INSTRUCTIONS TO FOLLOW: Extract every line between the one with "Идеологот на СДСМ" and the end of the entries, both included, word for word and free of pictures.
------ AVAILABLE DATA
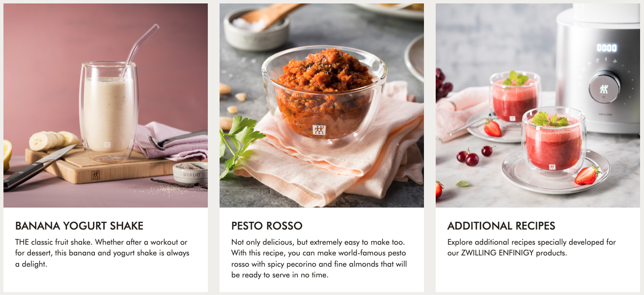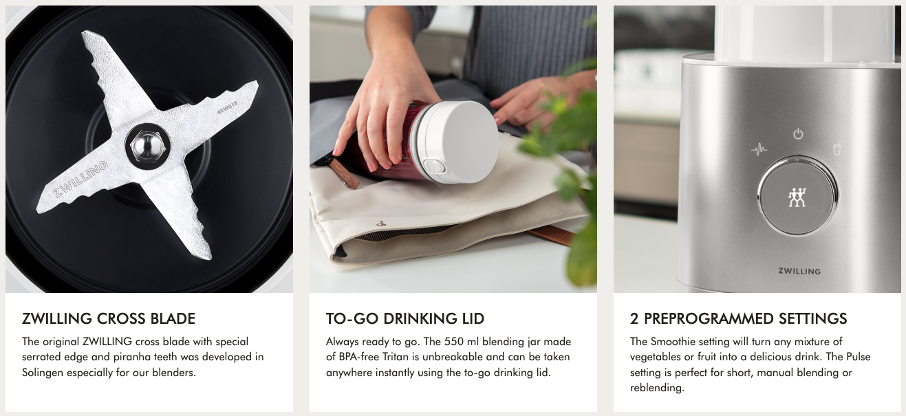 Like all Enfinigy products, the Personal Blender offers a free downloadable app. The ZWILLING Culinary World App QR code on the product packaging fires up the app so you can search a database of original recipes.
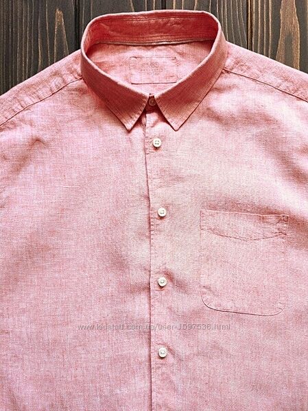 Мужская рубашка из льна известного английского бренда Marks & Spencer® Collection. Размер указан XL, но может пройти и на XXL , наш 52-54 размер (замеры см. ниже). Очень красивая, качественная, эксклюзивная . Модель Regular Fit с воротником Kent. Цвет указан Peach- персиковый. Низ слегка полукруглый. На груди карман с левой стороны. Материал 100% - чистый лен высочайшего качества. Рубашка имеет эргономичный крой и может носиться как навыпуск, так и в заправленном состоянии. Отличный вариант на жару для повседневной носки. Состояние- новая, без бирки, Сток. Производство Бангладеш. Цена на официальном сайте от 40 фунтов. Отвечу на Ваши вопросы. Замеры: ширина в плечах 52см. ширина по спине (от подмышки до подмышки )- 65 см. ширина по талии 63см, ширина по низу 65см, длина рукава по внешнему шву- 68 см. длина рукава по внутр.шву- 52 см. общая длина рубашки –79 см. ворот 44-46см.
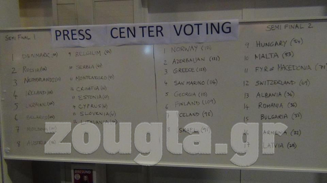 Οι ψηφοφορίες στα press center έχουν ξεκινήσει και η Ελλάδα φιγουράρει σε υψηλή θέση για τον τελικό, και συγκεκριμένα στην τρίτη, όπως διακρίνουμε στη φωτογραφία που μας έστειλε ο πρόεδρος του INFE, κ. Χρήστος Ζαφειρίδης.
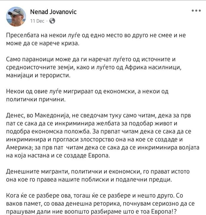 Идеологот на СДСМ и еден од најгласните јавни поддржувачи на Зоран Заев и Венко Филипче, Ненад Јовановиќ, отворено промовира прифаќање мигранти во Македонија преку свои објави на социјалните мрежи.
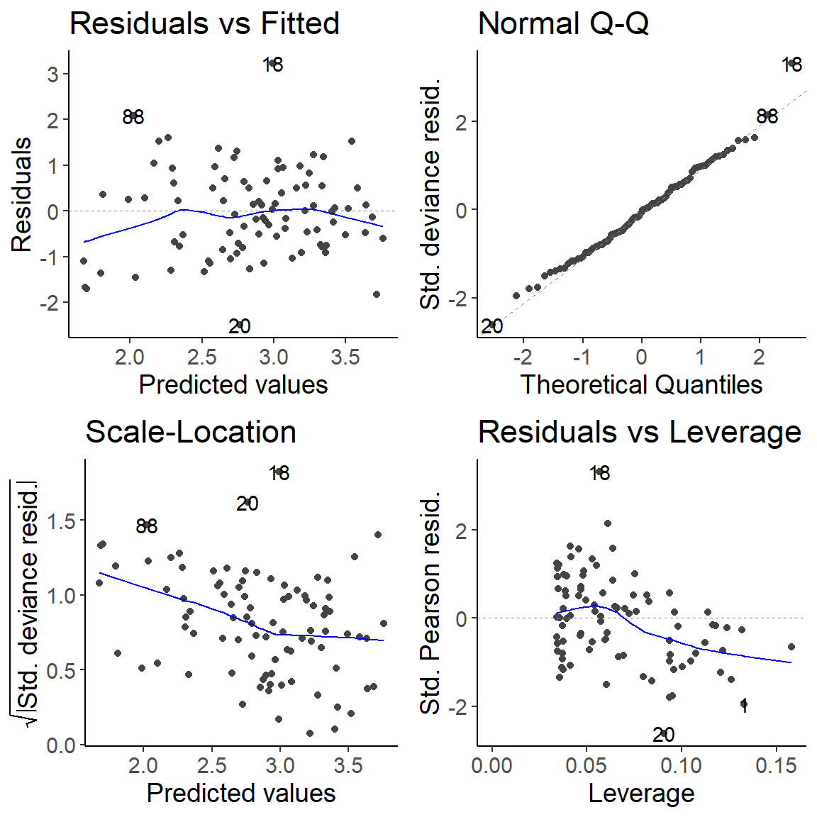 | Checking model assumptions | autoplot() |
------------
ANSWER TO THIS TASK:
 Идеологот на СДСМ и еден од најгласните јавни поддржувачи на Зоран Заев и Венко Филипче, Ненад Јовановиќ, отворено промовира прифаќање мигранти во Македонија преку свои објави на социјалните мрежи.
 | Checking model assumptions | autoplot() |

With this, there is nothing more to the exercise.